The hydrogen is stored directly behind the driver’s cab in seven 350-bar high-pressure tanks. These composite pressure vessels hold up to 35 kilograms, enough to get as far as 400 kilometers or 249 miles. The fuel cell system is additionally used to supply power to peripheral systems (cooling).

The 18-wheeler, the first fuel cell vehicle in the 35-ton category – 19 tons plus 16-ton trailer, with renewable-powered trucks being permitted to weigh a ton above the limit – has been part of Coop’s logistics chain since May 31, 2017. From Schafisheim, it supplies stores across Switzerland’s entire northwest region. Initially, after the public gas station opening on Nov. 4, 2016, it had been used only during test drives and received a new stack before being integrated in day-to-day operations. Rolf Huber, chair of H2 Energy’s management board, told H2-international: “It was important to all stakeholders to avoid any risk of downtime. The critical routes were first completed with artificial weights in the back. This has led to enhanced waste heat management, water separation, and retarder, gear and fuel cell fine-tuning.” Max Senn, the Coop employee driving the vehicle throughout the test stage, was satisfied with the outcomes and recommended the truck for regular use. It was said that even thirty percent inclination at 32 tons proved to be easily overcome. After 3,500 kilometers or 2,175 miles with a company license plate, the truck finally received its official road permit in early June.

Huber said that Coop would like to add more of those trucks over the coming months. But that would require negotiations with OEMs. If the test truck has a successful run, the retail chain would be willing to replace most of its fleet vehicles with fuel cell versions by 2023 and help grow the gas station infrastructure. In that case, the target would be ten trucks per station. Several Swiss-based forwarders and production companies had already shown interest in the technology.

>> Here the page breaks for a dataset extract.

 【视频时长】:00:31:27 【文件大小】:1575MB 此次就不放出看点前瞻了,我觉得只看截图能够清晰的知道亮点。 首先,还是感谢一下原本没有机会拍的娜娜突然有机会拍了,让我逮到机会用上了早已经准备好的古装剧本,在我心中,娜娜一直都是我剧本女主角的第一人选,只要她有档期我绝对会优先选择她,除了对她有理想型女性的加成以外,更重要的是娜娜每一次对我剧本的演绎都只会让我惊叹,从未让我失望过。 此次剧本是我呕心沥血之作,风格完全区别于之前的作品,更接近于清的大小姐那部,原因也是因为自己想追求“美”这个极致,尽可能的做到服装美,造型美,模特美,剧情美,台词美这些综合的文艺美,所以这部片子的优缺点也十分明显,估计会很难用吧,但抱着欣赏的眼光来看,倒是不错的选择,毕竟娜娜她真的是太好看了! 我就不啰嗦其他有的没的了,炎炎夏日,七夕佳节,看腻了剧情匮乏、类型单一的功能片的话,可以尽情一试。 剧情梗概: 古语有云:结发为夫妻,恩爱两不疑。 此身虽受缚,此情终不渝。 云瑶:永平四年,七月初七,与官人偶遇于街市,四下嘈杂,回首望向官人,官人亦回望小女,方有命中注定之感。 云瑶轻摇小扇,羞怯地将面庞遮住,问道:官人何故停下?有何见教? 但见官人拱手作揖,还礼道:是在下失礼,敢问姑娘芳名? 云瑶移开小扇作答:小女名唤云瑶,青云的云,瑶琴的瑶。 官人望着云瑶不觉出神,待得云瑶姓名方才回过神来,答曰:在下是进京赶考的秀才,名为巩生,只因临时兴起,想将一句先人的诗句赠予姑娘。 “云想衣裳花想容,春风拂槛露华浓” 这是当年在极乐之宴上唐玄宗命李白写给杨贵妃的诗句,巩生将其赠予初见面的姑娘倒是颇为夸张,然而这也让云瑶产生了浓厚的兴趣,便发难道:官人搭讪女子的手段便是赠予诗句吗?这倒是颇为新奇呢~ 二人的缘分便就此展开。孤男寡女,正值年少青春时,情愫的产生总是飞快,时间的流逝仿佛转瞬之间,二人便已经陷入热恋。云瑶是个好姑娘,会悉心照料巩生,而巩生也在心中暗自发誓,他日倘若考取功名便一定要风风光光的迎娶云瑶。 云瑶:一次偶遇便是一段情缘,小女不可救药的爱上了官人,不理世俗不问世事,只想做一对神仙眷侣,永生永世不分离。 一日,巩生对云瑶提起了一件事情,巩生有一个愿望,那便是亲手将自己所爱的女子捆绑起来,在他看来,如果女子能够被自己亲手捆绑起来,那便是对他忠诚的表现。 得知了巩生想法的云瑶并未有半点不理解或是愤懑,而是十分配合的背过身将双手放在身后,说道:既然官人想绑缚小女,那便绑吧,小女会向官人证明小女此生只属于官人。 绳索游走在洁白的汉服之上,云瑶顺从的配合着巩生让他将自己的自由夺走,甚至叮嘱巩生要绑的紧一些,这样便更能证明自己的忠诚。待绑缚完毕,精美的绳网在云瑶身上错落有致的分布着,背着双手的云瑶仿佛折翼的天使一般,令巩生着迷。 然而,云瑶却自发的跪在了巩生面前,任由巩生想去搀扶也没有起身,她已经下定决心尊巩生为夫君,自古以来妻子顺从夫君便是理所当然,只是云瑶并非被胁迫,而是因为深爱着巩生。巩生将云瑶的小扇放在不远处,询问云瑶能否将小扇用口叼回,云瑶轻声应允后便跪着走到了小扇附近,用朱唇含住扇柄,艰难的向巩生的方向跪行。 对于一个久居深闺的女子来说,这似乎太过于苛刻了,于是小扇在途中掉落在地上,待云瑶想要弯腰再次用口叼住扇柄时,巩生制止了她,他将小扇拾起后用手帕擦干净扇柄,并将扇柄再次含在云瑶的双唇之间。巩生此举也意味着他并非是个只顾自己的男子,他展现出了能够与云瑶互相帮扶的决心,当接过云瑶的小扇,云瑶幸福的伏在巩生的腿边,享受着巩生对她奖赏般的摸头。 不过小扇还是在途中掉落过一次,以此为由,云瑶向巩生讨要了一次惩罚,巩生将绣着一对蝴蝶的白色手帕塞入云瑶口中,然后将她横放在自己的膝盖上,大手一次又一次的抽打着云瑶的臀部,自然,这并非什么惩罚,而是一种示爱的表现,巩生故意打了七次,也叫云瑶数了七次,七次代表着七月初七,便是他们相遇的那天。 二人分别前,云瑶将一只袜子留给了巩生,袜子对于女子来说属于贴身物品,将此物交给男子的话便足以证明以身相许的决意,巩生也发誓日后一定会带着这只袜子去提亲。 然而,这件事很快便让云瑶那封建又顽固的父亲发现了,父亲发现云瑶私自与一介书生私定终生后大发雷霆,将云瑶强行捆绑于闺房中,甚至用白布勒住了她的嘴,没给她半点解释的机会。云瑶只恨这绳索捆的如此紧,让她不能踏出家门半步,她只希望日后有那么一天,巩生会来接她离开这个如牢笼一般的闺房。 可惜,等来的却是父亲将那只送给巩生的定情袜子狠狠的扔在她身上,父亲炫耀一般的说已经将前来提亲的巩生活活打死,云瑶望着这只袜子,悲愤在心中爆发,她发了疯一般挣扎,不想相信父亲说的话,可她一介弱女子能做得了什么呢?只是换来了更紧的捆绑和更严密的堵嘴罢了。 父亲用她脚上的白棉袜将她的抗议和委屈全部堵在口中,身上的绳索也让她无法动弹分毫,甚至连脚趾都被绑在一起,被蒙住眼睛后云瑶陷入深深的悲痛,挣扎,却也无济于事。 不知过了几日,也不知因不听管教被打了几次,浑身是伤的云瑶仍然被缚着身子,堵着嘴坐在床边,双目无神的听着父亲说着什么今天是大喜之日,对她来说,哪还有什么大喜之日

But Huber added: “Unfortunately, European truck manufacturers haven’t been as involved as the ones in Asia.”

Chicken and egg

Joos Sutter, CEO of Coop, said during an interview with the Blick newspaper: “In 2008, we created a vision for our company, namely to have carbon-neutral operations by 2023. To reach our objective, one half of our efforts has been put into reducing carbon dioxide emissions; the other half has been directed into external projects. The operating range we need for the use of trucks and light commercial vehicles is up to 90 kilometers or 56 miles around a site. We’ve already put five battery-electric trucks into operation – and hydrogen versions are admittedly an intriguing proposition.” Asked about the expansion of the H2 grid in Switzerland, he replied: “Fortunately for us, we provided both the chicken and the egg, as the new hydrogen station is in direct vicinity of our large distribution center in Schafisheim. […] If we succeed in getting the permit, we could bring another two stations online early next year.”